Interview-Ready Approach

1) Clarify Scope and SLOs

  • Problem statement: Build a platform-wide notification service delivering 100 M messages/day across push, email, SMS, and in-app.
  • Design for a peak load target around 5,787 RPS (including burst headroom).
  • Daily notifications: ~100,000,000
  • Channels: 4 (push, email, SMS, in-app)
  • Critical delivery latency: < 5 seconds
  • Normal delivery latency: < 5 minutes
  • Digest window: 15 minutes

2) Capacity Planning Method

  • Convert traffic and growth constraints into request rate, storage growth, and concurrency budgets.
  • Keep at least 2-3x safety margin per tier (ingress, compute, storage, async workers).
  • Reserve explicit latency budgets per hop so p95 can be defended in review.

3) Architecture Decisions

  • Message Queues: Move non-blocking and retry-heavy work to async consumers with explicit retry and DLQ policies.
  • Databases: Define a clear system-of-record and design read/write paths separately before adding optimizations.
  • API Design: Standardize API boundaries, idempotency keys, pagination, and error contracts first.
  • Notifications: Model notifications as event-driven fanout with per-channel workers (email/push/webhook).
  • Monitoring: Instrument golden signals (latency, traffic, errors, saturation) per tier and per tenant/domain.

4) Reliability and Failure Strategy

  • Guarantee idempotent consumers and trace every message with correlation IDs.
  • Use strong write constraints (transactions or conditional writes) and explicit backup/restore strategy.
  • Apply strict input validation and backward-compatible versioning.
  • Track delivery state machine and dead-letter undeliverable events.
  • Alert on user-impact SLOs, not only infrastructure metrics.

5) Validation Plan

  • Run one peak-load test, one dependency-degradation test, and one failover test.
  • Verify idempotency for all retried writes and async consumers.
  • Track user-facing SLOs first: p95 latency, error rate, and successful throughput.

6) Trade-offs to Call Out in Interviews

  • Message Queues: Async pipelines absorb spikes well, but increase eventual-consistency complexity.
  • Databases: SQL gives stronger transactional guarantees; NoSQL often gives better write scaling and flexibility.
  • API Design: Rich APIs improve developer speed but can create long-term compatibility burden.
  • Notifications: Multi-channel coverage increases reach but adds per-channel failure modes and policy complexity.
  • Monitoring: Deep observability speeds incident response but raises ingestion and tooling costs.

Practical Notes

  • Use a priority queue with at least two tiers - critical notifications skip batching and go to the fast lane.
  • A fan-out service reads user preferences and routes each notification to the appropriate channel worker.
  • Deduplication via a short-lived cache of (userId + notificationType + timeWindow) keys prevents spam.

Learn the Concept

Practice Next

Reference SolutionClick to reveal

Why This Solution Works

Request path: The solution keeps ingress, service logic, and stateful dependencies separated so each layer can scale independently.
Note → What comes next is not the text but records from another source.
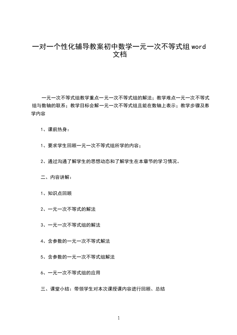 一元一次不等式组教学重点一元一次不等式组的解法;教学难点一元一次不等式组与数轴的联系;教学目标会解一元一次不等式组且能在数轴上表示;教学步骤及教学内容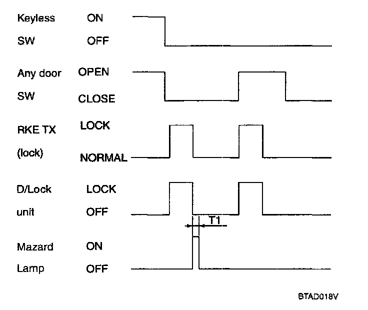 2. Remove the battery voltage and then check the operation of the keyless entry system.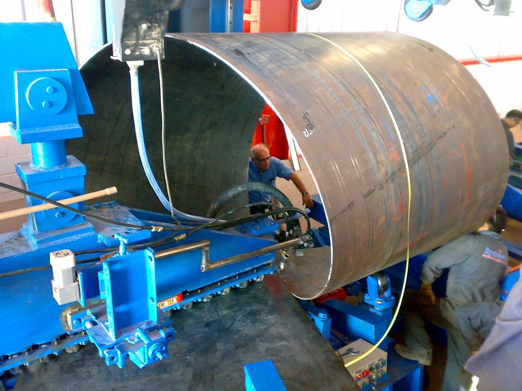 Pour la fabrication de tubes de grand diamètre roulant sur des tôles d'acier alimentées par une grue à la ligne de convoyage, des bandes technologiques sont soudées pour assurer un chauffage progressif de la machine de soudage. La séquence de traitement est la suivante:

Reference flow: Web Clients -> Load Balancer -> API Gateway -> API Service -> Primary NoSQL DB -> Message Queue -> Background Workers -> Notification Fanout

Design strengths

  • Async queue/event bus isolates bursty workloads and supports retries without blocking synchronous requests.
  • Monitoring and logs are wired in from day one for rapid incident triage.

Interview defense

  • This design makes bottlenecks explicit (ingress, core compute, persistence, async workers).
  • It supports progressive scaling without re-architecting the core request path.
  • It keeps correctness-sensitive state changes in durable systems while offloading background work asynchronously.